YOUR OBJECTIVE: Retype the opening lines of the data exactly, stopping after the line that contains "접수 기간은 오는 5월". Skip every picture.
### INPUT DATA ###
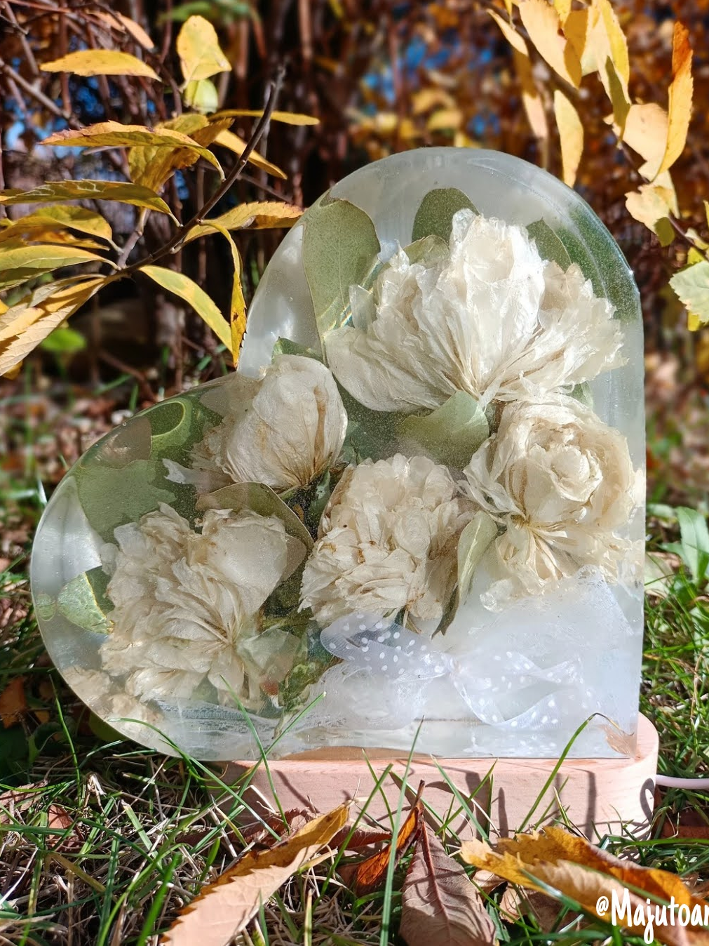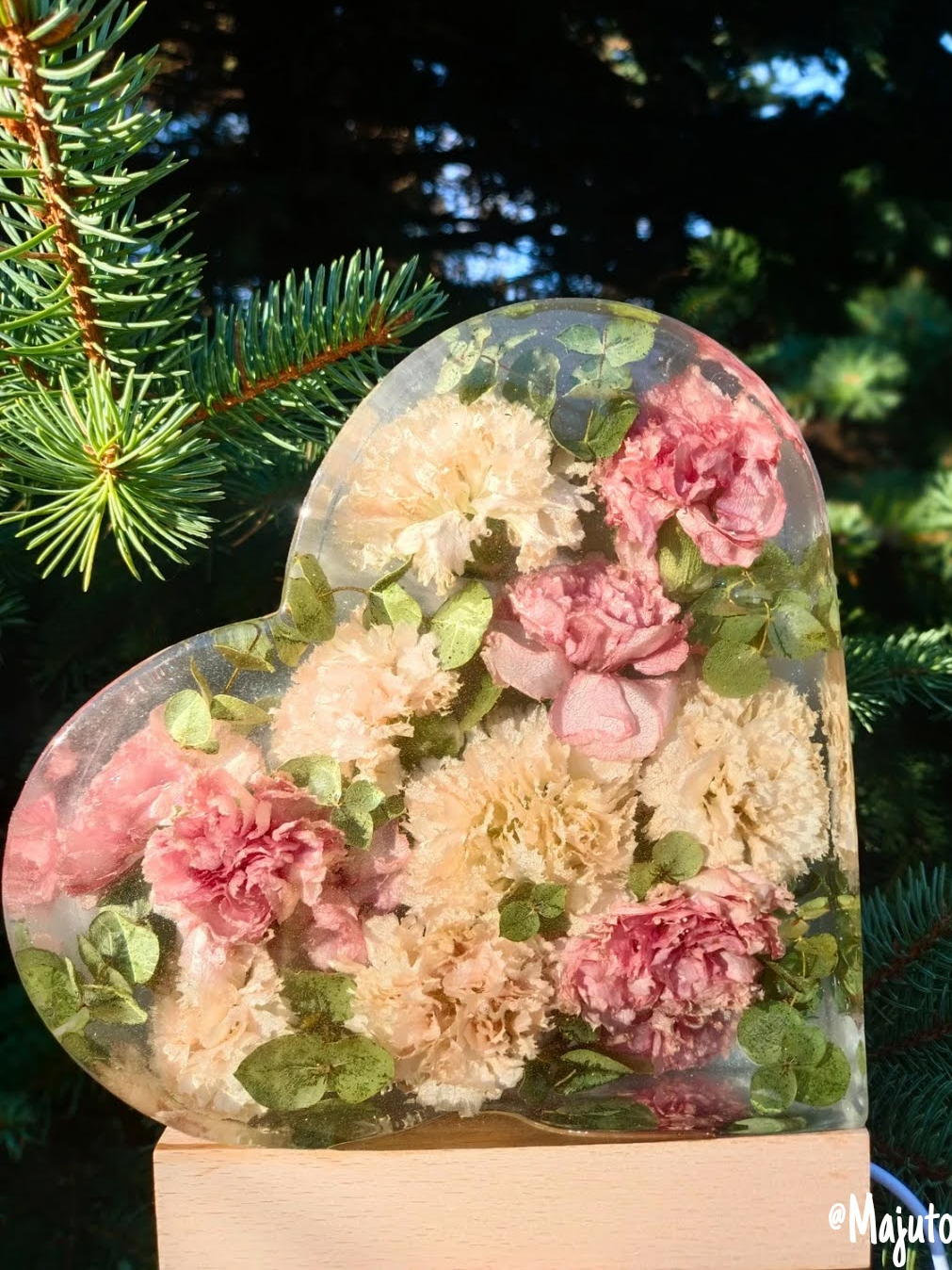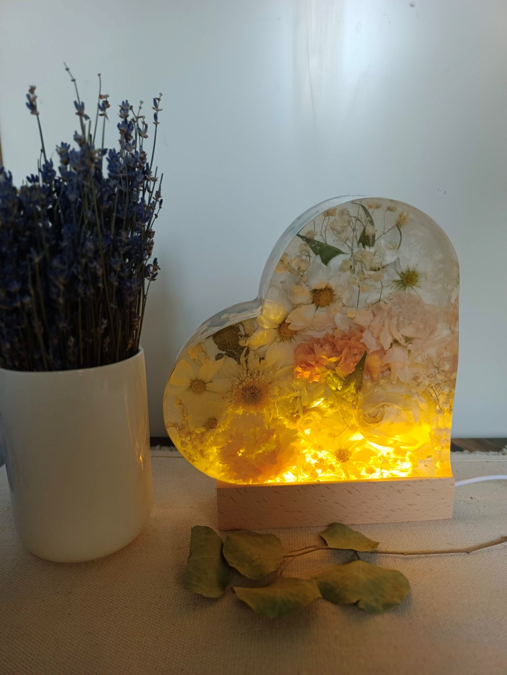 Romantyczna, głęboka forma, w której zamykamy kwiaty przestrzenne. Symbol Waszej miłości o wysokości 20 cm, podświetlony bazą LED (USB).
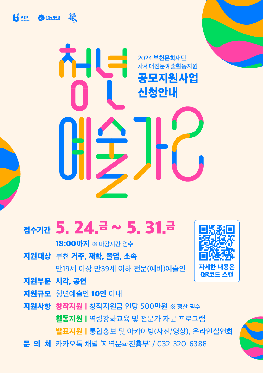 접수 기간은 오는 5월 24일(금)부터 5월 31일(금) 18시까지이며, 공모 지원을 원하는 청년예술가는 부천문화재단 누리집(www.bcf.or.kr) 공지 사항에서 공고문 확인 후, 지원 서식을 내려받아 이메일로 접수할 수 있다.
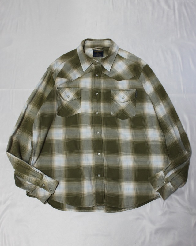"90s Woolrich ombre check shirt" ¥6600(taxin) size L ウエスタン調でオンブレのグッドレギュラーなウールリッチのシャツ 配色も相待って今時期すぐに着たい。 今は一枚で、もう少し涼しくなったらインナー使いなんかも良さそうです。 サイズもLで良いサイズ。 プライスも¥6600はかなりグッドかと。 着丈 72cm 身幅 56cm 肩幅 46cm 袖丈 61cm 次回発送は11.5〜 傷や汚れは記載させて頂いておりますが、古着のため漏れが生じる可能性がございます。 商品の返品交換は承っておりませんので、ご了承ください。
###
WORKED SOLUTION:
 Romantyczna, głęboka forma, w której zamykamy kwiaty przestrzenne. Symbol Waszej miłości o wysokości 20 cm, podświetlony bazą LED (USB).
 접수 기간은 오는 5월 24일(금)부터 5월 31일(금) 18시까지이며, 공모 지원을 원하는 청년예술가는 부천문화재단 누리집(www.bcf.or.kr) 공지 사항에서 공고문 확인 후, 지원 서식을 내려받아 이메일로 접수할 수 있다.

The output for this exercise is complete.